■ **WORK REQUEST**
Write out the opening lines of the data word for word, up to and including the line with "Indo-Chinese style paneer", and leave every picture and every later line out.

Records drawn from a dataset:
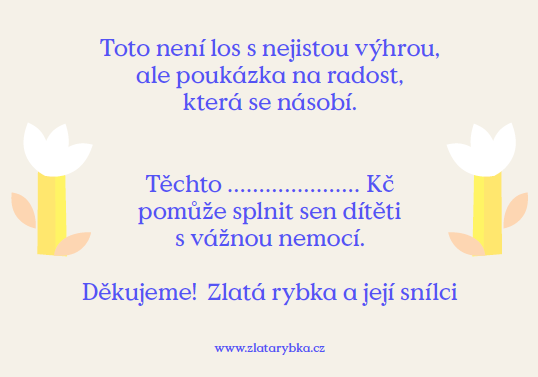 Víte, že by oslavenci udělalo radost, když by se o svůj dárek mohl podělit? Darujte naší Zlaté rybce libovolnou částku, která pomůže splnit sen dítěti s vážnou nemocí. Po zvolení typu platby budete mít možnost napsat nám do poznámky, pro koho certifikát je a kam ho máme zaslat a my už se postaráme o to, aby došel do správných rukou i s malým překvapením od nás.
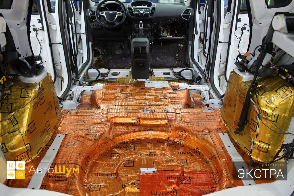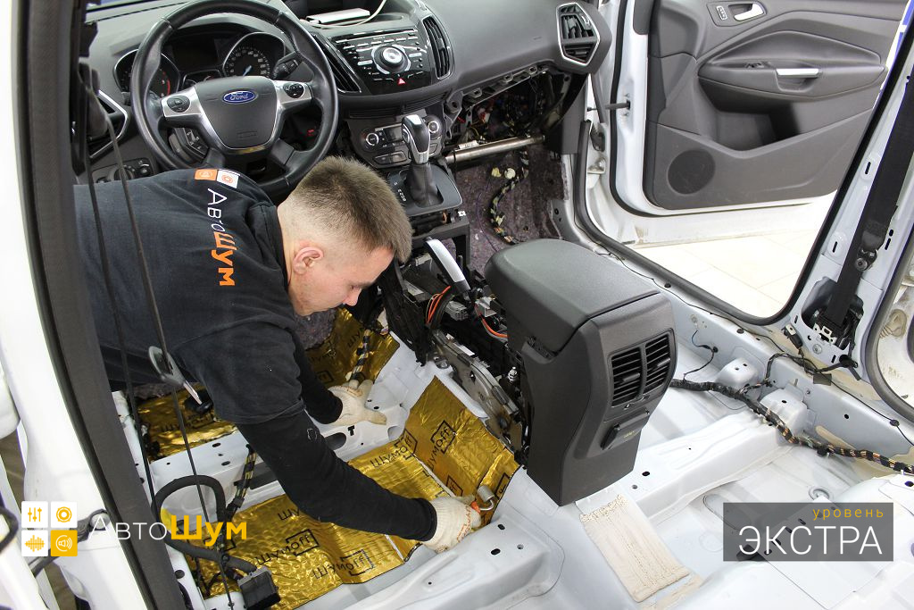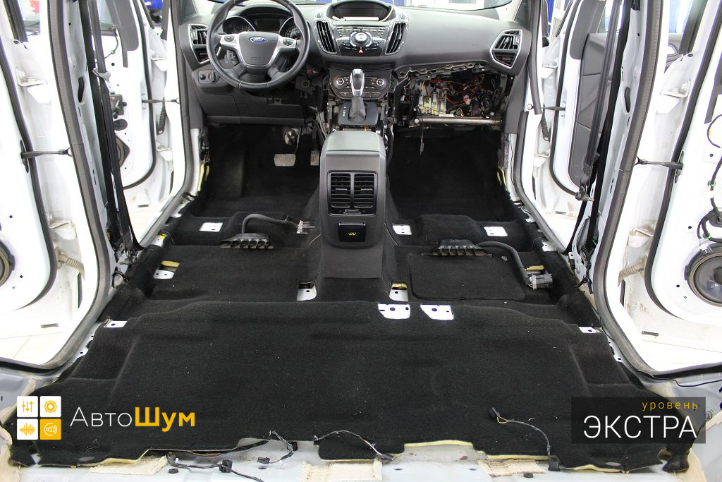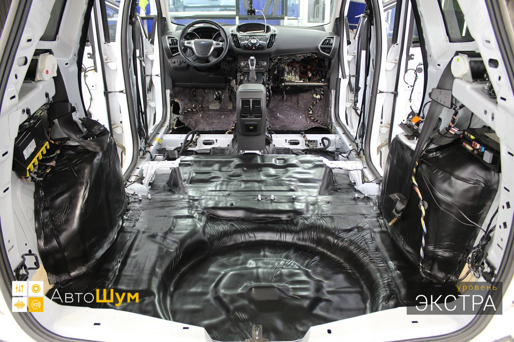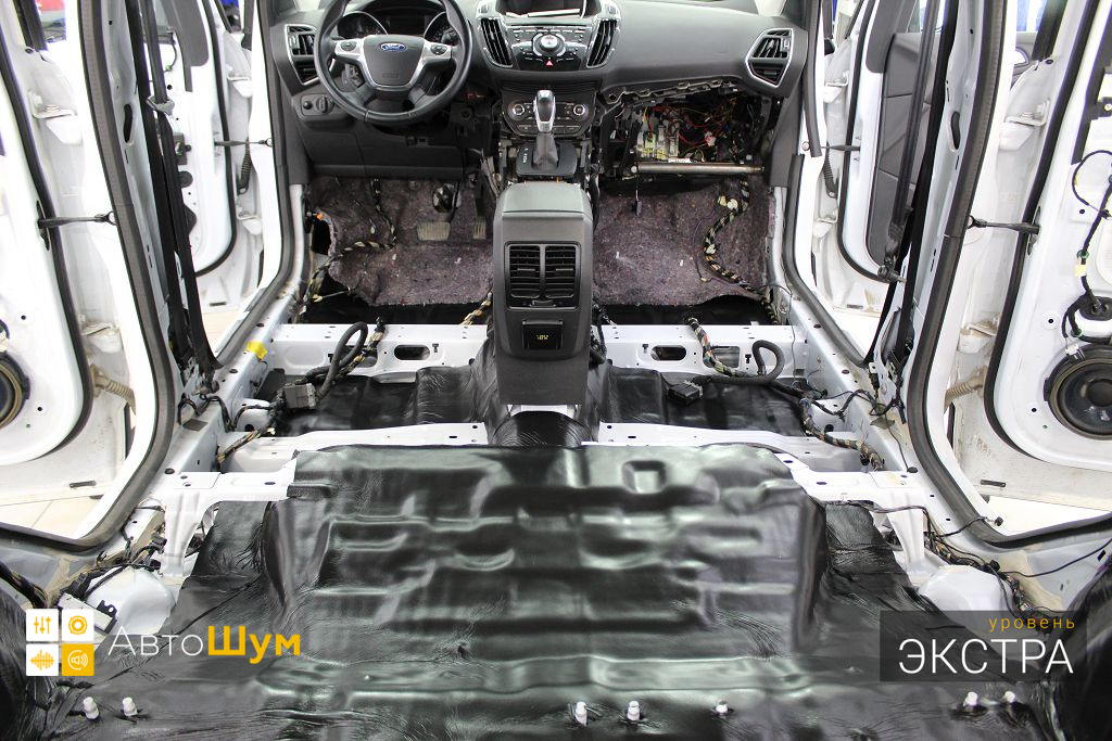 Ford Kuga — это полноприводный кроссовер среднего класса, хорошо оснащенный технологически и имеющий высшую оценку по безопасности. Автомобили Ford из года в год набирают все большую популярность в нашей стране, поскольку имеют ряд весомых преимуществ перед конкурентами, однако низкий уровень шумоизоляции салона является существенным недостатком. Шум и гул от дорожного покрытия влияет на уровень комфорта как водителя, так и пассажиров. Исправить эти недочеты можно, сделав дополнительную шумоизоляцию салона Форд Куга.
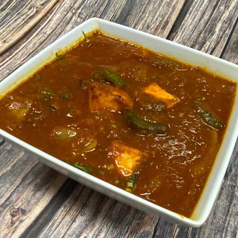 Indo-Chinese style paneer sautéed with fresh chilies, bell peppers and onions.
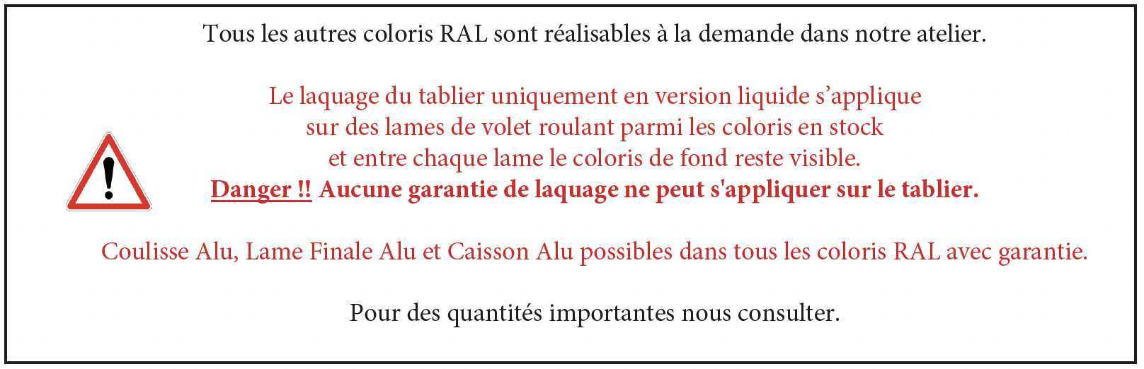 Pour des raisons de garantie, IL EST PLUS QUE FORTEMENT RECOMMANDÉ de choisir un coloris de lames dans la gamme de coloris existante. (Pour rappel le laquage à la demande en version liquide uniquement ne bénéficie d'aucune garantie)
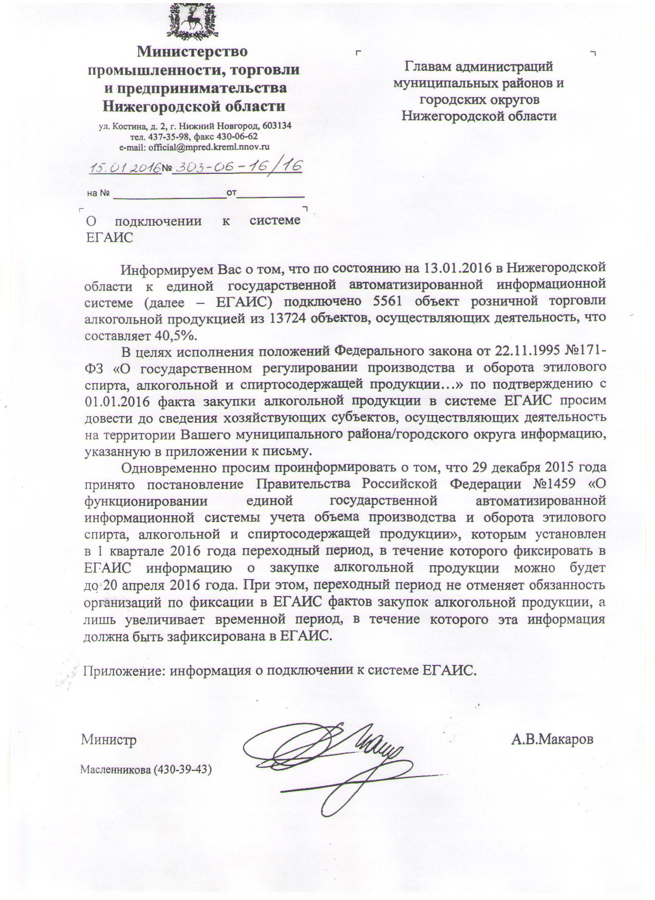 19.01.2016Информация о подключении к системе ЕГАИС организаций розничной торговли алкогольной продукции

■ **WRITTEN RESPONSE**
 Víte, že by oslavenci udělalo radost, když by se o svůj dárek mohl podělit? Darujte naší Zlaté rybce libovolnou částku, která pomůže splnit sen dítěti s vážnou nemocí. Po zvolení typu platby budete mít možnost napsat nám do poznámky, pro koho certifikát je a kam ho máme zaslat a my už se postaráme o to, aby došel do správných rukou i s malým překvapením od nás.
 Ford Kuga — это полноприводный кроссовер среднего класса, хорошо оснащенный технологически и имеющий высшую оценку по безопасности. Автомобили Ford из года в год набирают все большую популярность в нашей стране, поскольку имеют ряд весомых преимуществ перед конкурентами, однако низкий уровень шумоизоляции салона является существенным недостатком. Шум и гул от дорожного покрытия влияет на уровень комфорта как водителя, так и пассажиров. Исправить эти недочеты можно, сделав дополнительную шумоизоляцию салона Форд Куга.
 Indo-Chinese style paneer sautéed with fresh chilies, bell peppers and onions.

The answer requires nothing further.